March 09, 2019 2 min read

In August of 2017 we all watched in horror as the Rohingya were driven from their homes and homeland in Myanmar and fled to Bangladesh. Humanitarian aid was sent and reporters flocked to the scene. Incredibly hundreds of thousands of refugees remain in impermanent settlements in Cox’s Bazaar, Bangladesh. The UN-mandated Independent International Fact-Finding Mission on Myanmar found this latest persecution of the Rohingya to be a “widespread and systematic attack on [civilians]” including “murder, imprisonment, enforced disappearance, torture, rape, sexual slavery and other forms of sexual violence, persecution, and enslavement” 

The largest site, the Kutupalong Balukhali Expansion Site, hosts approximately 626,500 Rohingya as of early 2019. 

One small pocket of hope in this humanitarian disaster, lies in a women’s sewing cooperative called Testimony Tailors. We heard from this group around the holidays, and their story warmed hearts half way around the world. Testimony Tailors’ initiative goes well beyond the usual practice of delivering ‘humanitarian aid’ and instead allows a unique blend of employment, skill-building, cooperative-building and healing, all in the form of a tailoring group. Starting with requests for donors to buy sewing machines, the initiative employs girls and young women who have suffered sexual violence, allowing them a safe place to work and gather and to tell their stories—and to heal.

Beyond the work, the beautiful dresses are stitched for other young people in the community. They are all the more exquisite because the pattern and style are chosen by the women, rather than shipped as hand-me-downs from the U.S. and Europe. These are dresses of beautiful floral prints, made new and made with love by peers of the girls and women who receive the dresses free of charge. Each recipient receives a photograph of herself in the new dress. Several stories indicate that young girls who may have had no choice other than to marry at a young age in order to survive without a family in the camps with them, have been able to stay independent because of their employment by the cooperative, Testimony Tailors.

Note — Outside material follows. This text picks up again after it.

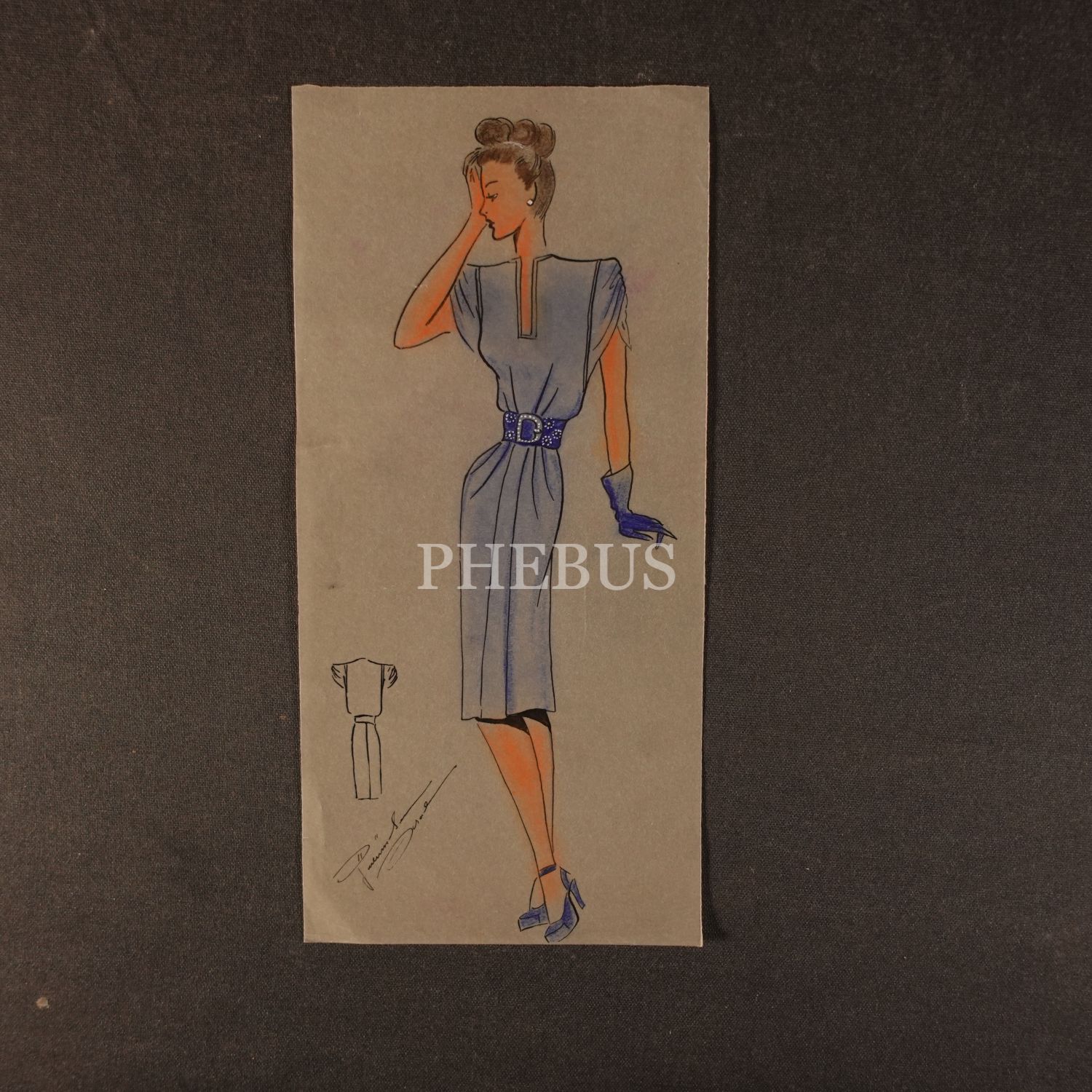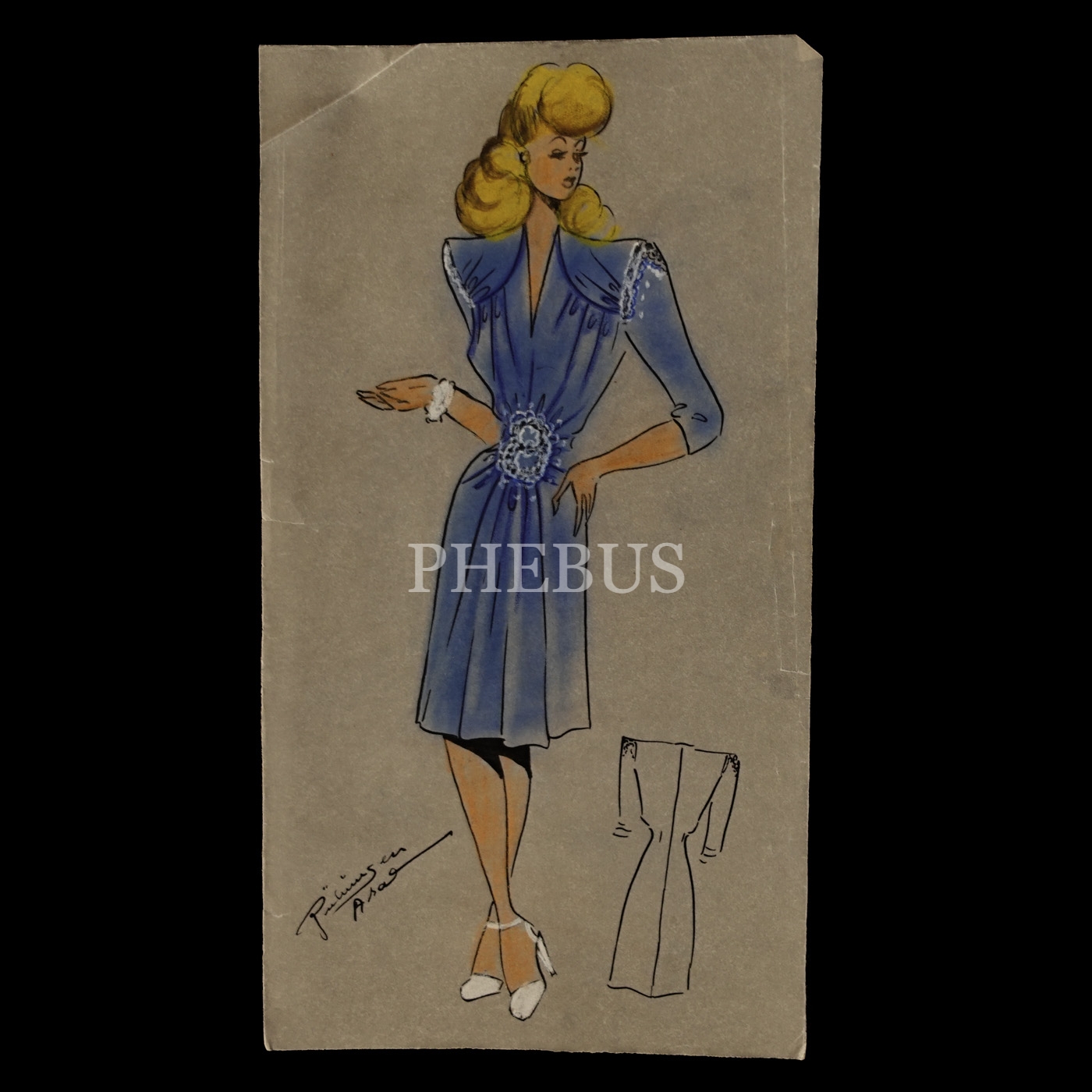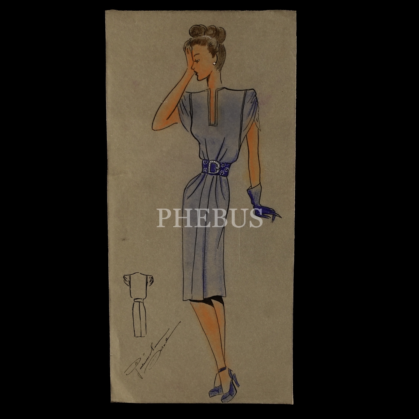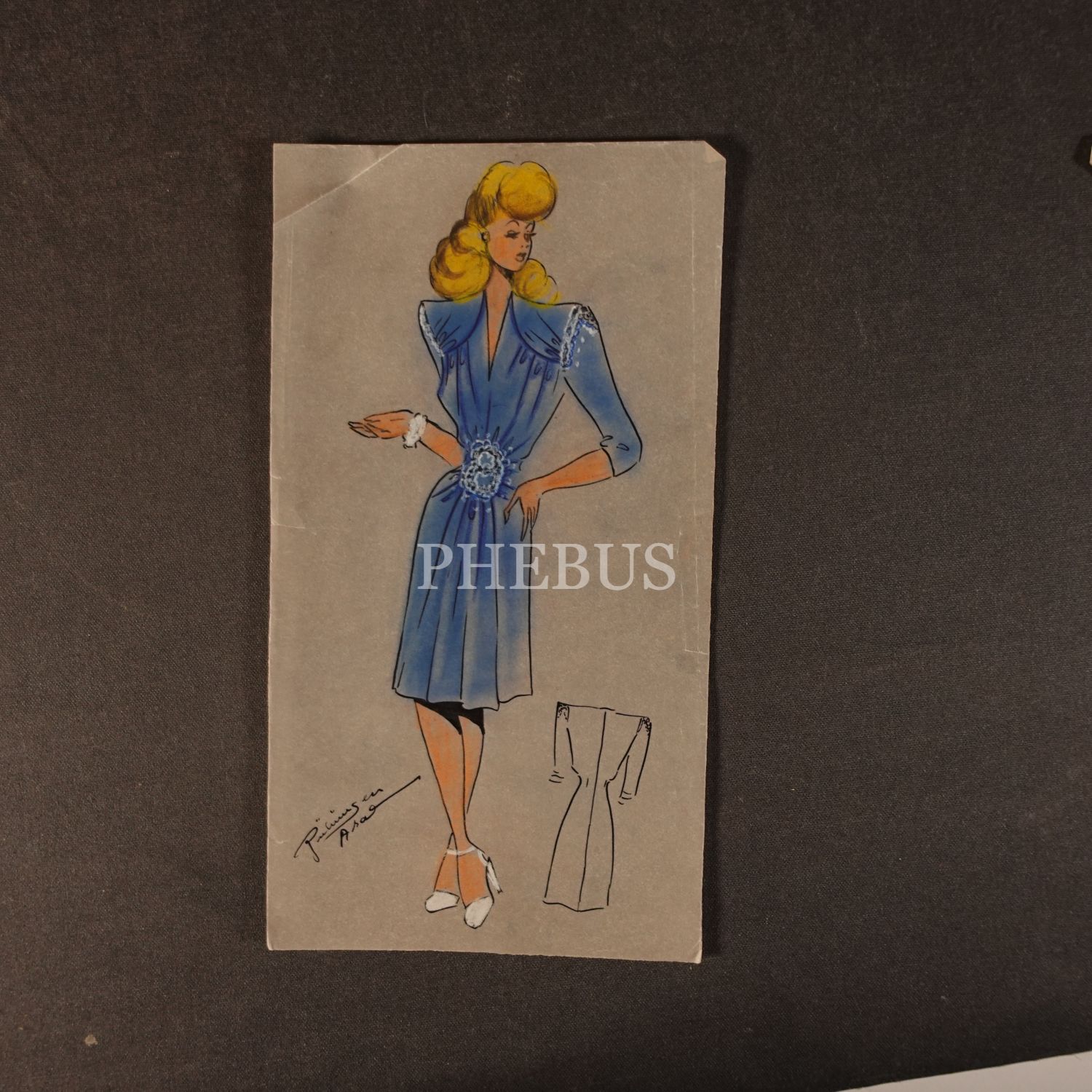 Gülümser Aral´ın EV-İŞ dergisi için çizdiği, ıslak imzalı dört adet kıyafet tasarımı, ortalama 14x28 cm...

It is the first of its kind, where people around the world can buy a product that is made by a refugee to be given to a refugee and all the profits will benefit those refugees. 

The latest news from Testimony Tailors states that the Sunflower Sewing Club was developed for girls too young for employment. The Sewing Club makes mobiles and other arts and crafts to beautify the days of the younger girls.